▶ Dataset excerpts:

- - -

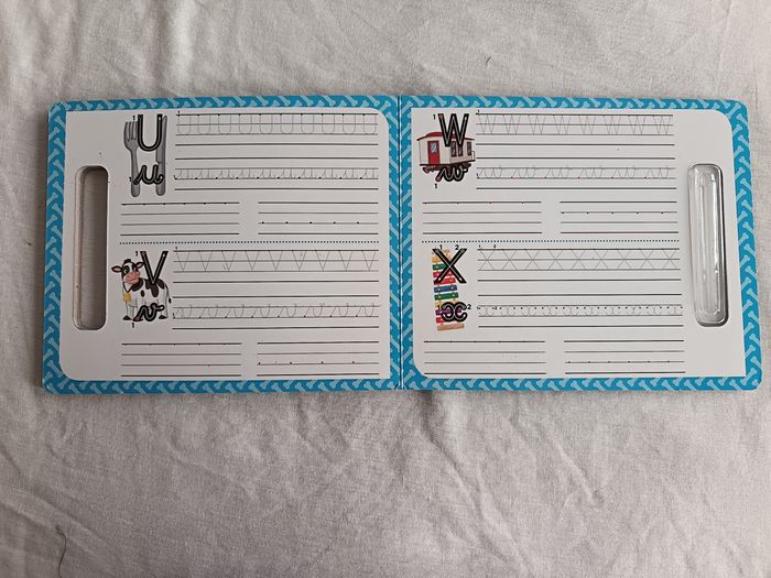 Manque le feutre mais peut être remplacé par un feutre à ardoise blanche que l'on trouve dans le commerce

- - -

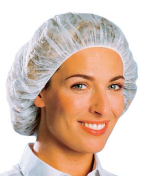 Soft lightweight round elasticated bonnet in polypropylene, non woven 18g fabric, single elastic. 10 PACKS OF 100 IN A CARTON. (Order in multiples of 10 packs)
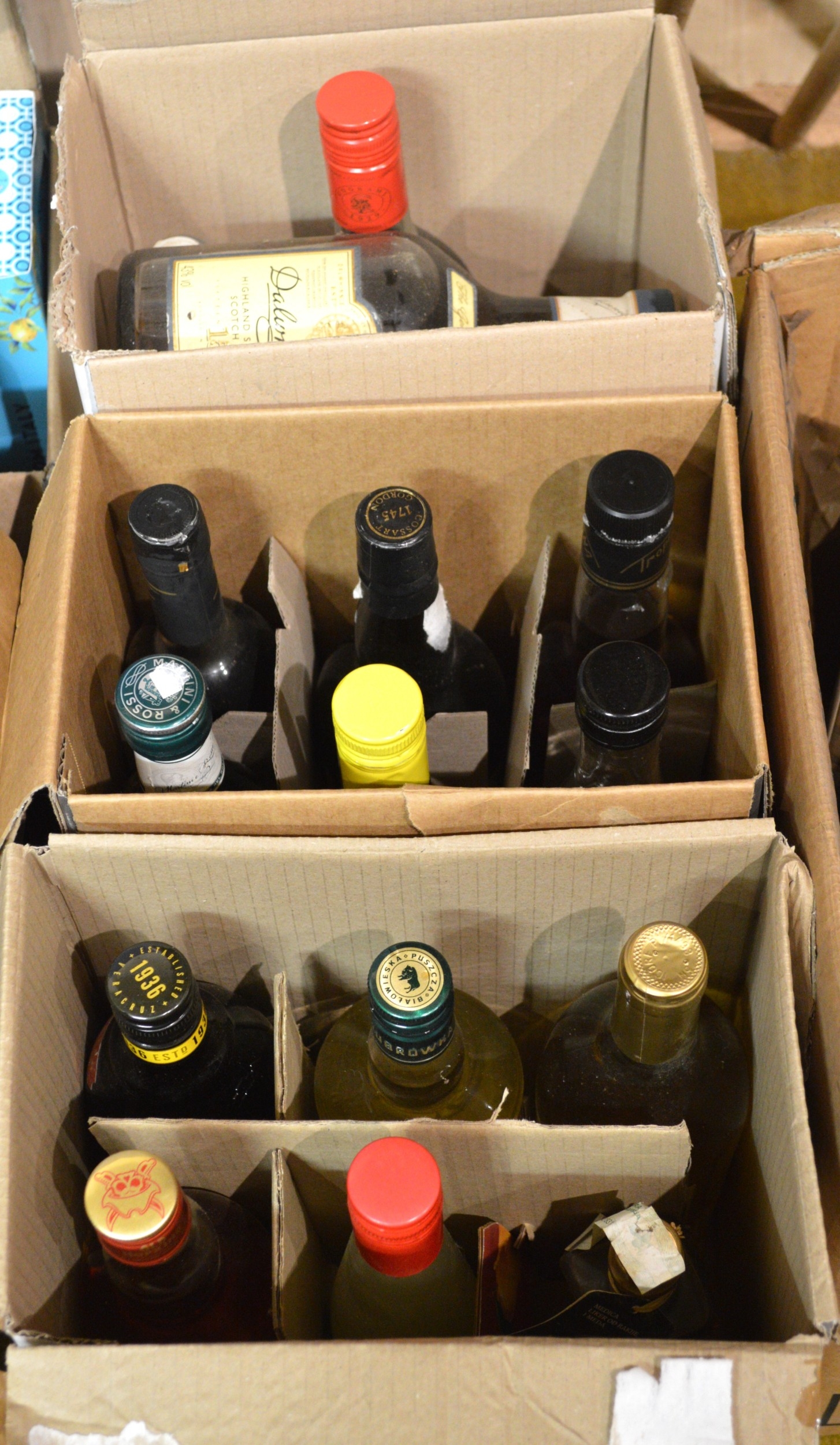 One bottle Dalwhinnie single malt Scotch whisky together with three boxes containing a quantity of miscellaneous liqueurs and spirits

- - -

▶ Description of the task: In the data above, find the line with "Soft lightweight round" and the line with "One bottle Dalwhinnie". Please copy exactly those two lines and every line between them, but not the pictures.

▶ Answer:
 Soft lightweight round elasticated bonnet in polypropylene, non woven 18g fabric, single elastic. 10 PACKS OF 100 IN A CARTON. (Order in multiples of 10 packs)
 One bottle Dalwhinnie single malt Scotch whisky together with three boxes containing a quantity of miscellaneous liqueurs and spirits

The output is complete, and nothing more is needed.